- TASK REQUIREMENTS -
Your copy of the entries must be exact, and it must not include the pictures.

- RECORDED DATA -
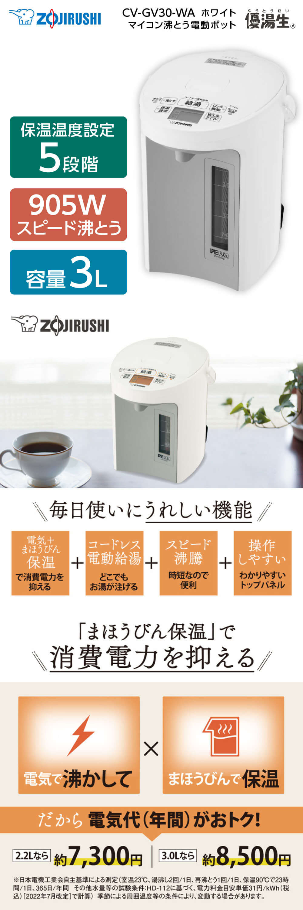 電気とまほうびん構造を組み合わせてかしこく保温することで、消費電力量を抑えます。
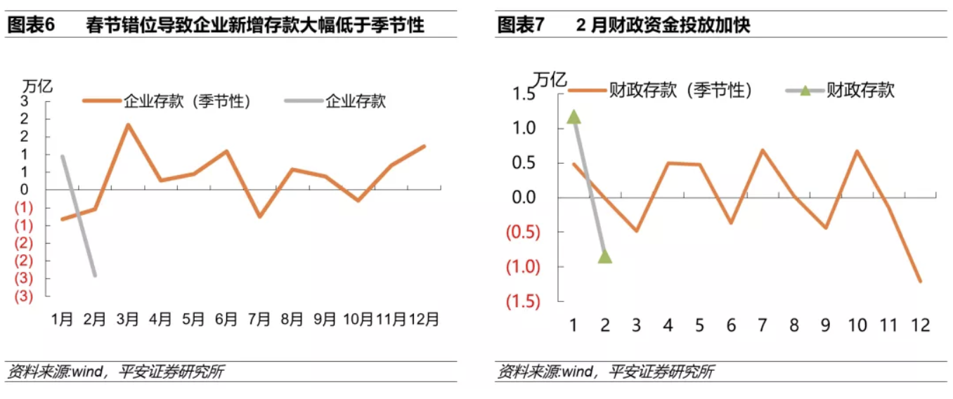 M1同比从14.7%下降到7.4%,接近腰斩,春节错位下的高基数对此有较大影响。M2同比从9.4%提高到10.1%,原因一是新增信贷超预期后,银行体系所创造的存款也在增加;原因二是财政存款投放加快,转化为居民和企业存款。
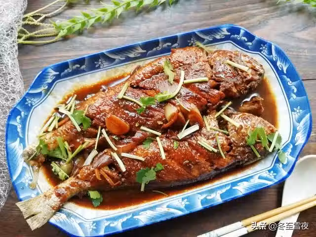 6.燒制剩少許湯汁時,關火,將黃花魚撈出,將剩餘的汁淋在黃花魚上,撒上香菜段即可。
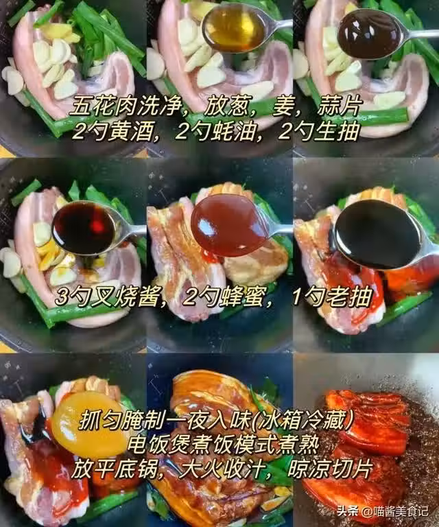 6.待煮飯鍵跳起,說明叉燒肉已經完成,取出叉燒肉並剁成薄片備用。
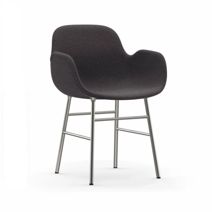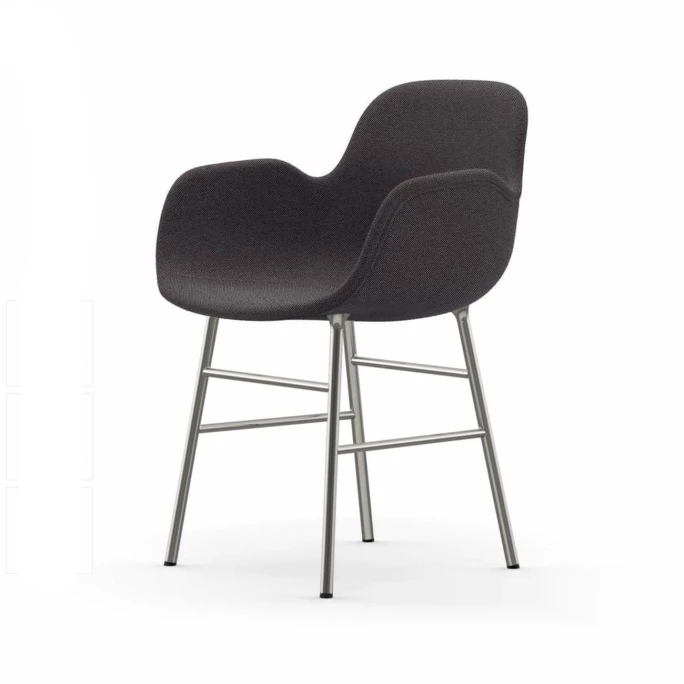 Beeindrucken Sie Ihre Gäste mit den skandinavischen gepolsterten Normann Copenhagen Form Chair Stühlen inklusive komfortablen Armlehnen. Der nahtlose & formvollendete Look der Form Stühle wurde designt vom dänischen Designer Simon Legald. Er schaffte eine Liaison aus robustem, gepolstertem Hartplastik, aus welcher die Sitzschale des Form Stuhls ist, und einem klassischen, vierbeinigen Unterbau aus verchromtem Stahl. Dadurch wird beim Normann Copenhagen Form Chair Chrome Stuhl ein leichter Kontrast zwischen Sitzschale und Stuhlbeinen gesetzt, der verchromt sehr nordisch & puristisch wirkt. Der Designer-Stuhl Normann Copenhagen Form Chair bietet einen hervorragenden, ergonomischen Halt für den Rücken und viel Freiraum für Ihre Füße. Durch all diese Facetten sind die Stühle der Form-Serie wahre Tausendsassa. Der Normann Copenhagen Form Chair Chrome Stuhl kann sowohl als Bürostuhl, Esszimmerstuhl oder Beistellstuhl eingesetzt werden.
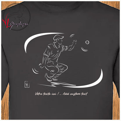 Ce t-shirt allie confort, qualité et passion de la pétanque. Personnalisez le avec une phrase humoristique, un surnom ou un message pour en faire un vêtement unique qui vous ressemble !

- ANSWER TO THIS TASK -
 電気とまほうびん構造を組み合わせてかしこく保温することで、消費電力量を抑えます。
 M1同比从14.7%下降到7.4%,接近腰斩,春节错位下的高基数对此有较大影响。M2同比从9.4%提高到10.1%,原因一是新增信贷超预期后,银行体系所创造的存款也在增加;原因二是财政存款投放加快,转化为居民和企业存款。
 6.燒制剩少許湯汁時,關火,將黃花魚撈出,將剩餘的汁淋在黃花魚上,撒上香菜段即可。
 6.待煮飯鍵跳起,說明叉燒肉已經完成,取出叉燒肉並剁成薄片備用。
 Beeindrucken Sie Ihre Gäste mit den skandinavischen gepolsterten Normann Copenhagen Form Chair Stühlen inklusive komfortablen Armlehnen. Der nahtlose & formvollendete Look der Form Stühle wurde designt vom dänischen Designer Simon Legald. Er schaffte eine Liaison aus robustem, gepolstertem Hartplastik, aus welcher die Sitzschale des Form Stuhls ist, und einem klassischen, vierbeinigen Unterbau aus verchromtem Stahl. Dadurch wird beim Normann Copenhagen Form Chair Chrome Stuhl ein leichter Kontrast zwischen Sitzschale und Stuhlbeinen gesetzt, der verchromt sehr nordisch & puristisch wirkt. Der Designer-Stuhl Normann Copenhagen Form Chair bietet einen hervorragenden, ergonomischen Halt für den Rücken und viel Freiraum für Ihre Füße. Durch all diese Facetten sind die Stühle der Form-Serie wahre Tausendsassa. Der Normann Copenhagen Form Chair Chrome Stuhl kann sowohl als Bürostuhl, Esszimmerstuhl oder Beistellstuhl eingesetzt werden.
 Ce t-shirt allie confort, qualité et passion de la pétanque. Personnalisez le avec une phrase humoristique, un surnom ou un message pour en faire un vêtement unique qui vous ressemble !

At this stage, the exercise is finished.